» **SOURCE MATERIAL**
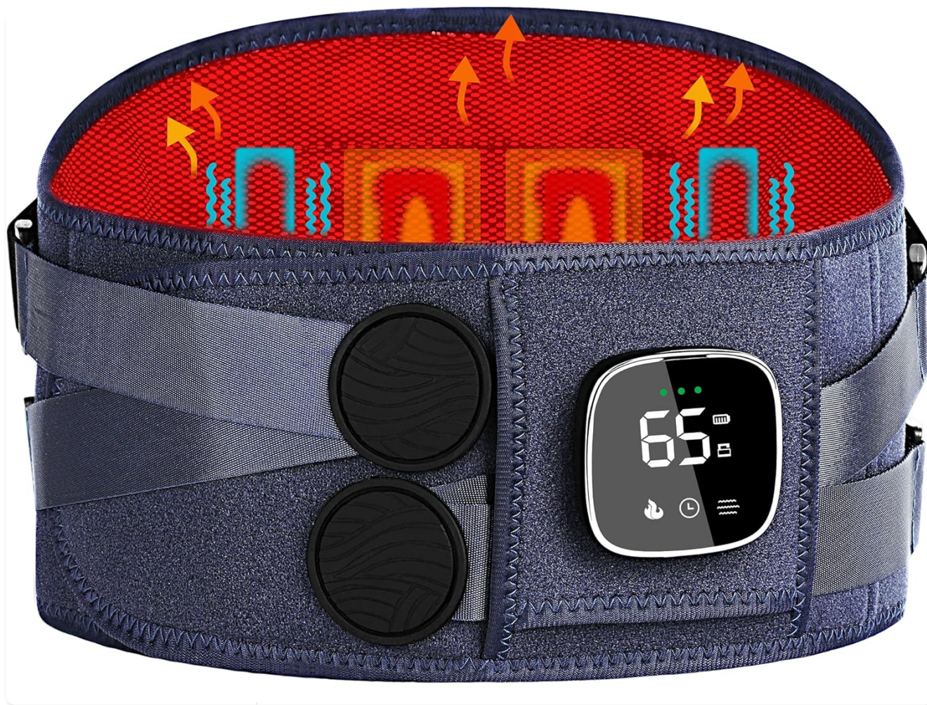
Image: The main product, a blue cordless heating pad with a digital display and adjustable straps.
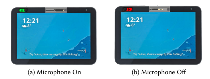
Fig. 1. Prototype with physical control and physical feedback

Physical Control & LED Feedback. This prototype (Fig 2) provides a physical hardware based on-off button to control (turn on and off) the microphone. However, for feedback, this prototype uses an LED to communicate the current status of the microphone. For example, when the LED is flashing green, it means the microphone is 'on' and when the LED is flashing red, it indicates the microphone is 'off'.
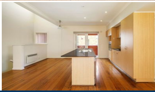
19 Rope Walk BRUNSWICK VIC
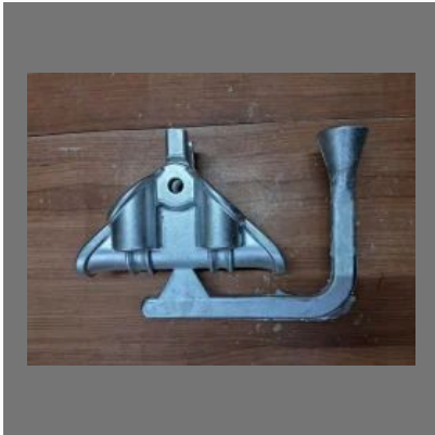
Aluminium Gravity Die Castings
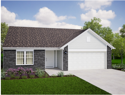
SHOWN WITH BRICK OPTION B
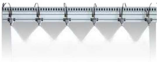
The 98250 spray manifold , which features a compact design with rigid aluminum structure, can be configured with flexible lengths, number of nozzles and nozzle spacing
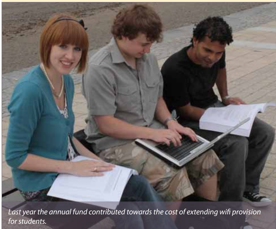
Last year the annual fund contributed towards the cost of extending wifi provision for students.
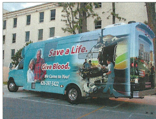
Custom graphics available.
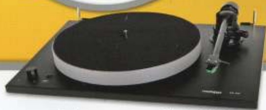
Thorens TD700 Plug 'n' play classic
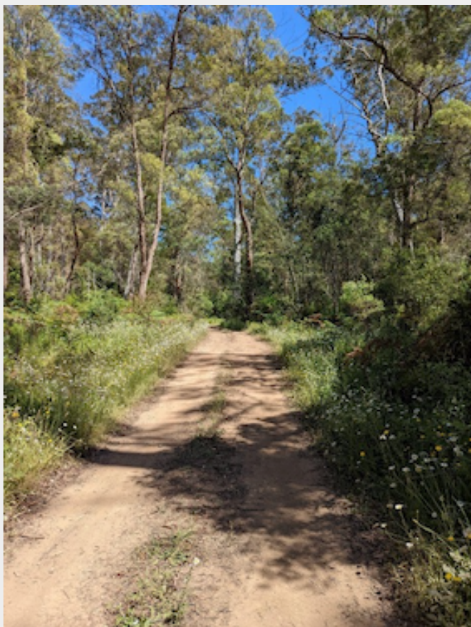
Entry track down Silvermine Road.
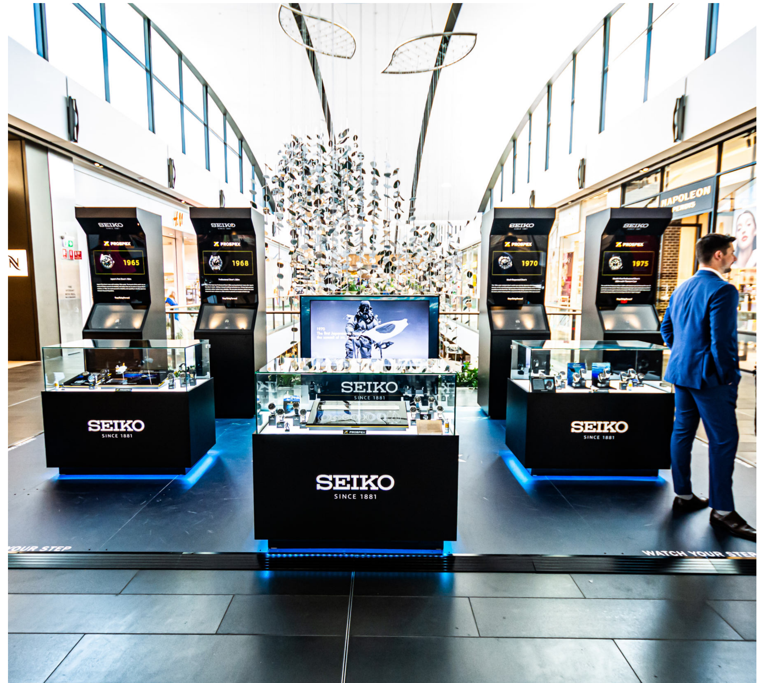
RETAIL & POS DISPLAY SOLUTIONS
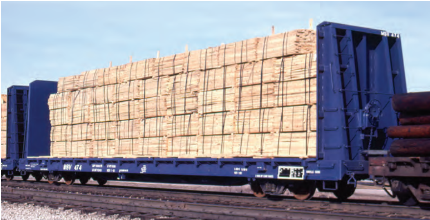
Bulkhead flatcars provide increased load stability compared to standard flats. This 62-foot Mississippi & Skuna Valley car is loaded with rather loosely stacked bundles in 1980.

Dimensional lumber for construction has always presented a challenge in transporting, as it's made in lengths from 8 to 16 feet, making it difficult to load in boxcars.
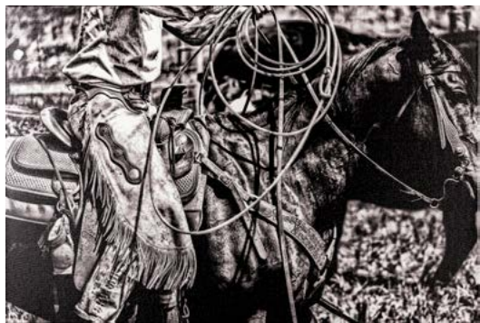
Cristen Roghair, Okaton; Authentic Cowgirl , photo giclée canvas wrap
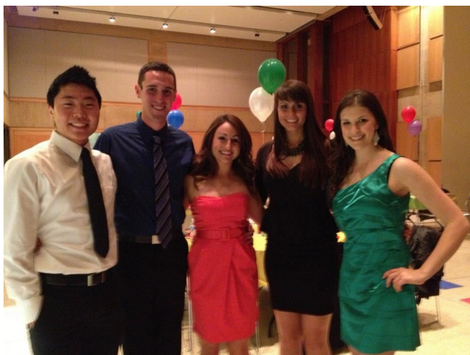
Members of the 2013-2014 Exec Board

to better the organization. I am so honored to have worked with all of you. To the committee chairs, you should be very proud of yourselves. The many components of HSA would not be able to function without you. You have contributed so much time to your different committees and have done excellent work. To the members of HSA, you made the ideas of the Exec Board and the Committee Chairs come to life. There would not be an organization if it were not for you showing up to meetings and different service events.
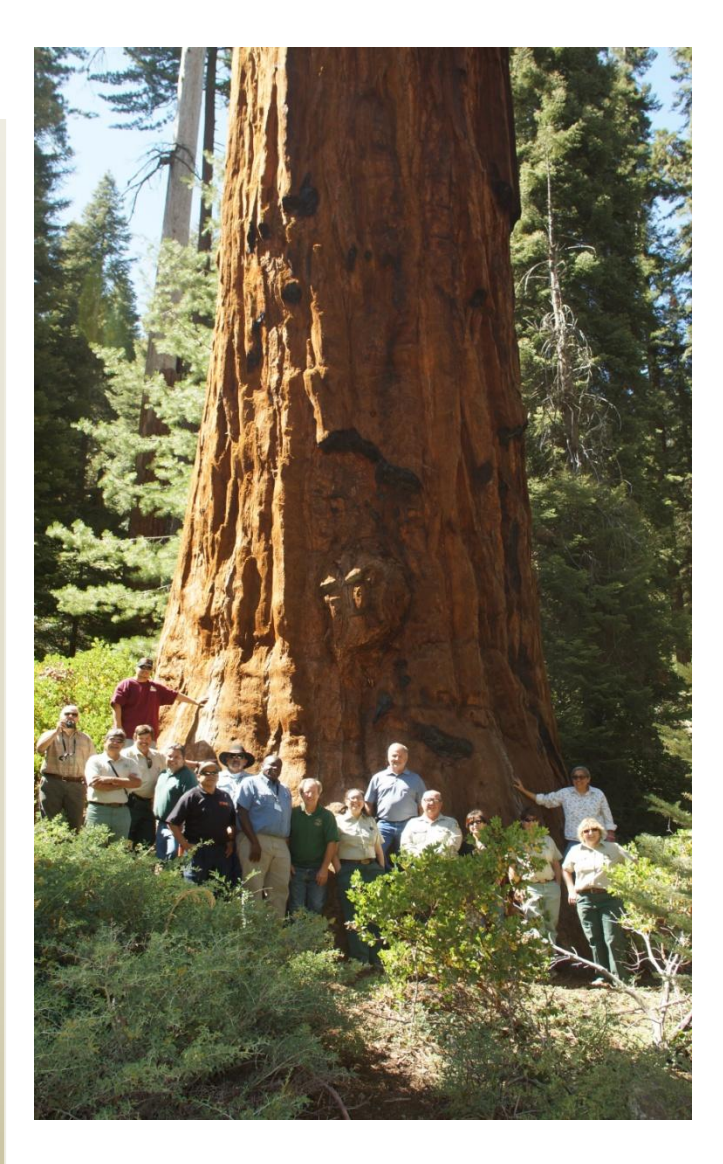
Sequoia NF – Tule River Reservation Site Visit July, 2012
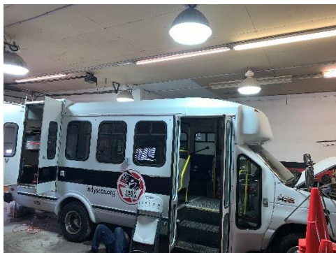
Clean up on the van. It is ready for the Solo season
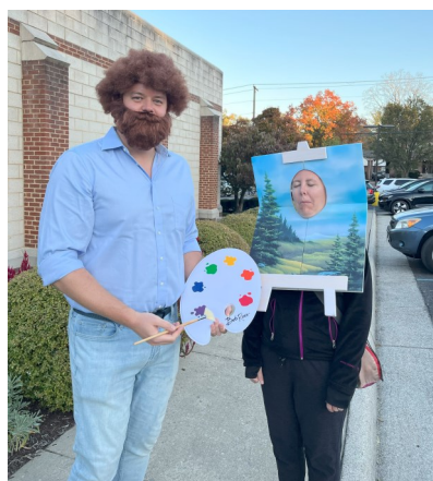
Fall Festival & Organ Spooktacular!

» **PROBLEM**
For this task, give the full listing again verbatim and keep out every picture.

» **OUTPUT OF THE TASK**
Image: The main product, a blue cordless heating pad with a digital display and adjustable straps.
Fig. 1. Prototype with physical control and physical feedback

Physical Control & LED Feedback. This prototype (Fig 2) provides a physical hardware based on-off button to control (turn on and off) the microphone. However, for feedback, this prototype uses an LED to communicate the current status of the microphone. For example, when the LED is flashing green, it means the microphone is 'on' and when the LED is flashing red, it indicates the microphone is 'off'.
19 Rope Walk BRUNSWICK VIC
Aluminium Gravity Die Castings
SHOWN WITH BRICK OPTION B
The 98250 spray manifold , which features a compact design with rigid aluminum structure, can be configured with flexible lengths, number of nozzles and nozzle spacing
Last year the annual fund contributed towards the cost of extending wifi provision for students.
Custom graphics available.
Thorens TD700 Plug 'n' play classic
Entry track down Silvermine Road.
RETAIL & POS DISPLAY SOLUTIONS
Bulkhead flatcars provide increased load stability compared to standard flats. This 62-foot Mississippi & Skuna Valley car is loaded with rather loosely stacked bundles in 1980.

Dimensional lumber for construction has always presented a challenge in transporting, as it's made in lengths from 8 to 16 feet, making it difficult to load in boxcars.
Cristen Roghair, Okaton; Authentic Cowgirl , photo giclée canvas wrap
Members of the 2013-2014 Exec Board

to better the organization. I am so honored to have worked with all of you. To the committee chairs, you should be very proud of yourselves. The many components of HSA would not be able to function without you. You have contributed so much time to your different committees and have done excellent work. To the members of HSA, you made the ideas of the Exec Board and the Committee Chairs come to life. There would not be an organization if it were not for you showing up to meetings and different service events.
Sequoia NF – Tule River Reservation Site Visit July, 2012
Clean up on the van. It is ready for the Solo season
Fall Festival & Organ Spooktacular!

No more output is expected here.